RECORDS SHOWN:

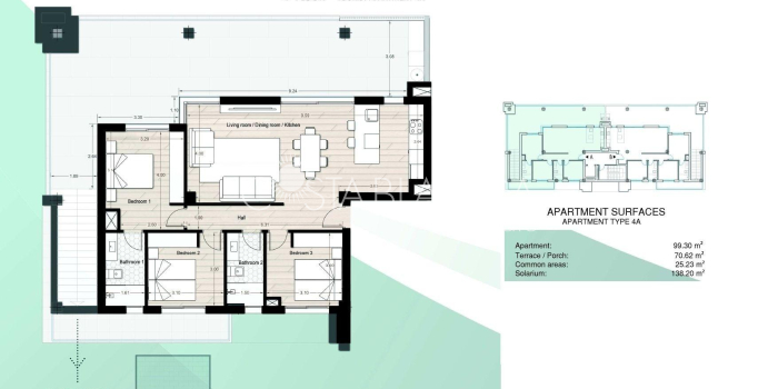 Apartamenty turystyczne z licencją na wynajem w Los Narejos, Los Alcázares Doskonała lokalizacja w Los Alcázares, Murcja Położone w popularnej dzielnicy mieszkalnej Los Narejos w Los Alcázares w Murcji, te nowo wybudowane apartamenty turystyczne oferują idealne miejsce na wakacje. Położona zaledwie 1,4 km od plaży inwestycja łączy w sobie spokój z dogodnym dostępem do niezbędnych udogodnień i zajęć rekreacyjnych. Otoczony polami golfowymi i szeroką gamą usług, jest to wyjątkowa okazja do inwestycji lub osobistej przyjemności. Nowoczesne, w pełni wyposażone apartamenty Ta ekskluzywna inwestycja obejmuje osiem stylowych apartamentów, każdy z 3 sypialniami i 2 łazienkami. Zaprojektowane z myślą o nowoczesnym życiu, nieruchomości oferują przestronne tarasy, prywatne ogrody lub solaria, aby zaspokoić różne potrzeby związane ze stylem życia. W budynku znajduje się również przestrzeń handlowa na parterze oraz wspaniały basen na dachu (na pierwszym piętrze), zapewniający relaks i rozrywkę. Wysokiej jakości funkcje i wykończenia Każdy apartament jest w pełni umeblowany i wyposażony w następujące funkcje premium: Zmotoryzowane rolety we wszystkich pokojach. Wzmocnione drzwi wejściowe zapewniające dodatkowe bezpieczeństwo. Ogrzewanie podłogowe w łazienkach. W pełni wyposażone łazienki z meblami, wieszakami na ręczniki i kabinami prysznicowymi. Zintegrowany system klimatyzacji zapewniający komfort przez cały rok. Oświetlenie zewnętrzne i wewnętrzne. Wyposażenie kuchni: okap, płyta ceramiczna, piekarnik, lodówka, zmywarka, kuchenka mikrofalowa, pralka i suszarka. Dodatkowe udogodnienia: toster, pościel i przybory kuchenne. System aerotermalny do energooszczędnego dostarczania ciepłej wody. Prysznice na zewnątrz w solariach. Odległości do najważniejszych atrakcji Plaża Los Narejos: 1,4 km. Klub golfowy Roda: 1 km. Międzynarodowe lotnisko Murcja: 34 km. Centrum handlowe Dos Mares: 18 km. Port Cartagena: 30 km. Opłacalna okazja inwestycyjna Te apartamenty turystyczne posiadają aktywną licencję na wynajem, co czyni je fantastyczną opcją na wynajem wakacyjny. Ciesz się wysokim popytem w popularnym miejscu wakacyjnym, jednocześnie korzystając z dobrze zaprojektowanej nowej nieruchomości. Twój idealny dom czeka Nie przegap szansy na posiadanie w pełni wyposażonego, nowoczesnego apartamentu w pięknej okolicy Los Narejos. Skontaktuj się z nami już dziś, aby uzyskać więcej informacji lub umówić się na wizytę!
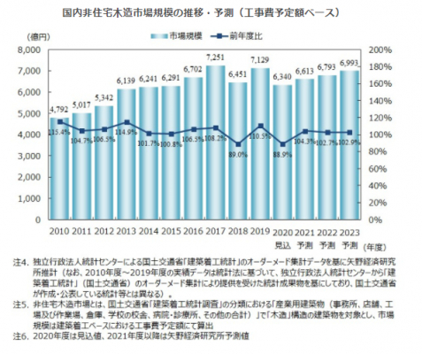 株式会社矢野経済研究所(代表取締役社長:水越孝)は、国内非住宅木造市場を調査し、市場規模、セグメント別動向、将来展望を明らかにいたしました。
...
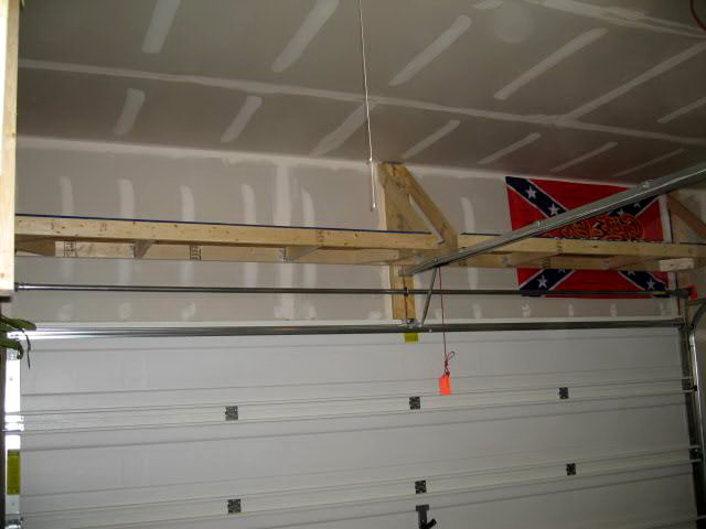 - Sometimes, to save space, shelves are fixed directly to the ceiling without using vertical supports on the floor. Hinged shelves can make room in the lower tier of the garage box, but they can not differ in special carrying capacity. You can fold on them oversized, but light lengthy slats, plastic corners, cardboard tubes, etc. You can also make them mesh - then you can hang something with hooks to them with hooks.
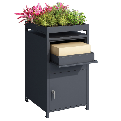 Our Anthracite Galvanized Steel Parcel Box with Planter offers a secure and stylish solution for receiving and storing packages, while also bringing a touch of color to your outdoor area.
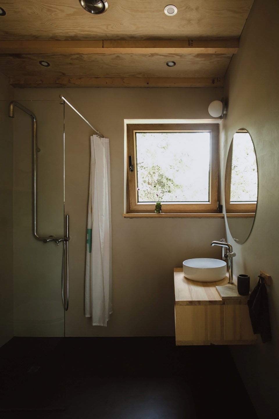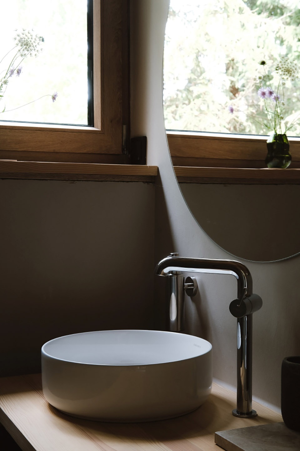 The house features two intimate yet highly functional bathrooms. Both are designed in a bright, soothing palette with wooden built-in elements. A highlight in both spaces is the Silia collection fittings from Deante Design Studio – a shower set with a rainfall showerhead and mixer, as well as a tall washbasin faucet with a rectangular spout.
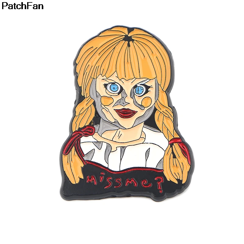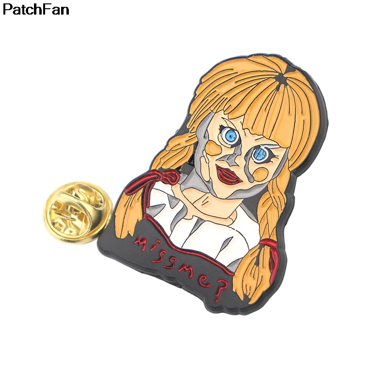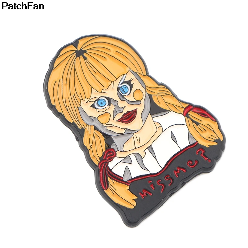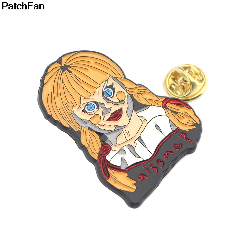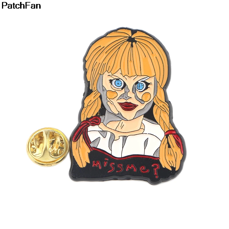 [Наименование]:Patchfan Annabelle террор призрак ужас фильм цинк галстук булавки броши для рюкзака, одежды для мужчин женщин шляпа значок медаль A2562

AIM OF THE TASK: Find where the line with "- Sometimes, to" sits in the material above and where the line with "[Наименование]:Patchfan Annabelle террор" sits. Set down exactly the lines from the first to the second, both included and nothing else, without pictures.

WRITTEN SOLUTION:
 - Sometimes, to save space, shelves are fixed directly to the ceiling without using vertical supports on the floor. Hinged shelves can make room in the lower tier of the garage box, but they can not differ in special carrying capacity. You can fold on them oversized, but light lengthy slats, plastic corners, cardboard tubes, etc. You can also make them mesh - then you can hang something with hooks to them with hooks.
 Our Anthracite Galvanized Steel Parcel Box with Planter offers a secure and stylish solution for receiving and storing packages, while also bringing a touch of color to your outdoor area.
 The house features two intimate yet highly functional bathrooms. Both are designed in a bright, soothing palette with wooden built-in elements. A highlight in both spaces is the Silia collection fittings from Deante Design Studio – a shower set with a rainfall showerhead and mixer, as well as a tall washbasin faucet with a rectangular spout.
 [Наименование]:Patchfan Annabelle террор призрак ужас фильм цинк галстук булавки броши для рюкзака, одежды для мужчин женщин шляпа значок медаль A2562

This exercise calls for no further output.